I have at least taken some baby steps in seeking help, using an unexpected disappointment that at least presented an opportunity: When I clicked an offered link for help after repeatedly taking the online AQ test and getting consistently quite high results, it didn’t take me to any Asperger’s resources, but brought me instead to the “Better Help” site, which is a resource for online therapy. After much hemming and hawing and false starting on my part, I’m trying to make arrangements for such therapy, but it’s been difficult because of my schedule, my innate aversion to doing anything to help myself***, and my discomfort interacting with new people, even over video or text. I’ve finally got something moving, but it looks like it’s going to be only every other week or so; I work long hours, and I’m not going to do online therapy while other people are in the office, even if it’s during lunch. It’s almost inconceivable that I could manage “in-person” therapy, though I’ve done it in the past.
Well, life is complicated. I frequently doubt whether it’s worth the effort, but since we can’t test the alternative and then change our minds, we keep putting our shoulders to our Sisyphean boulders and hope that maybe, at the very least, this time we might get a tiny bit of rest at the top of the hill. Though, honestly, I don’t know what I would even do with such a break.
Still, I have Outlaw’s Mind to look forward to finishing once I’m done with In the Shade and thence with Dr. Elessar’s Cabinet of Curiosities. Writing new fiction—and usually even new nonfiction—is always a boost. I’m not sure why, but it is.
*Which is larger than a hair’s breadth, of course, but hares do tend to be svelte, so it’s still pretty close.
**A smaller bit of debris to the right ripped a panel loose on the side of my bike, but I have a cool head in times of stress.
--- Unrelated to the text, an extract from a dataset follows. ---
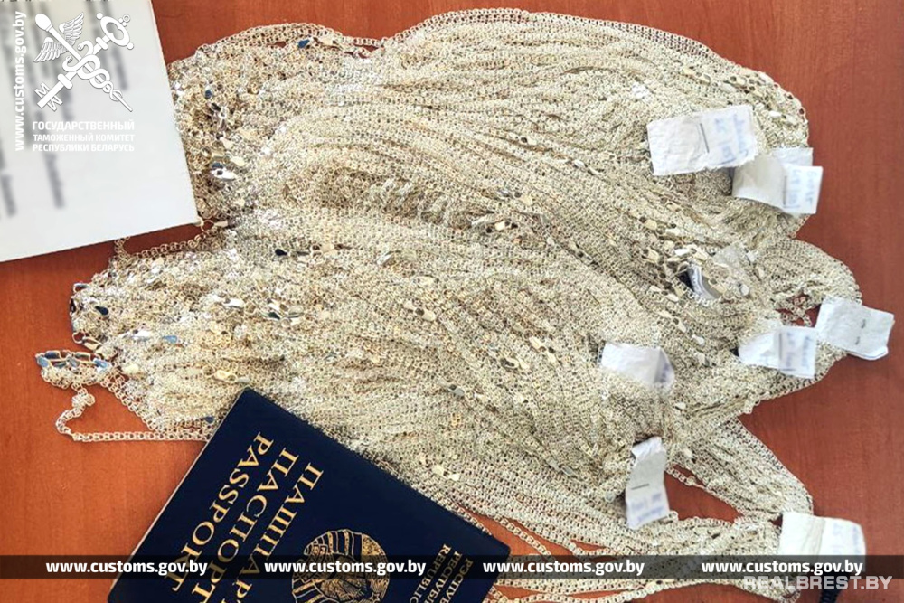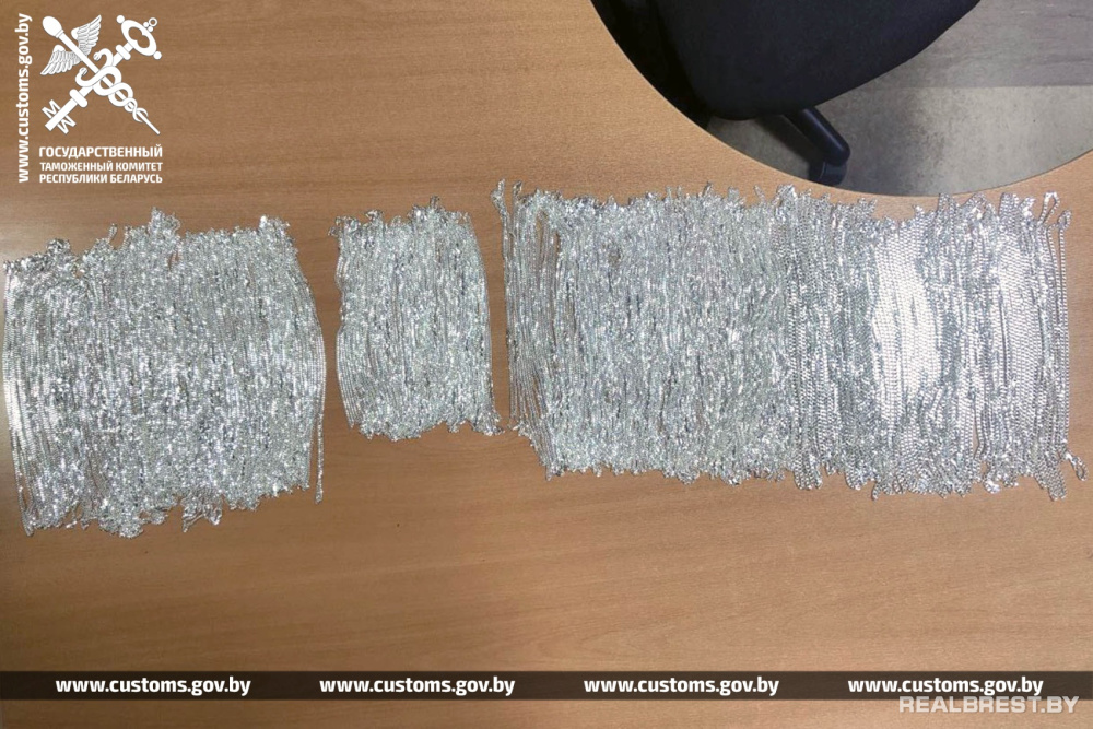 С использованием металлоискателя таможенники установили, что в обуви водителя находятся 323 единицы серебряных цепочек различного веса, длины и плетения. Оценочная стоимость изделий составила около 43 тыс. рублей.

Though I wobbled back and forth for a few subsequent seconds, I never came very close to going over. Sometimes I honestly regret such “coolness”, but a motorcycle accident on the interstate is not how I would prefer to die, especially since it might not kill but merely maim me. That would be such a pain both literally and figuratively.
***Who among us would not have mixed feelings at the prospect of giving aid to his greatest enemy?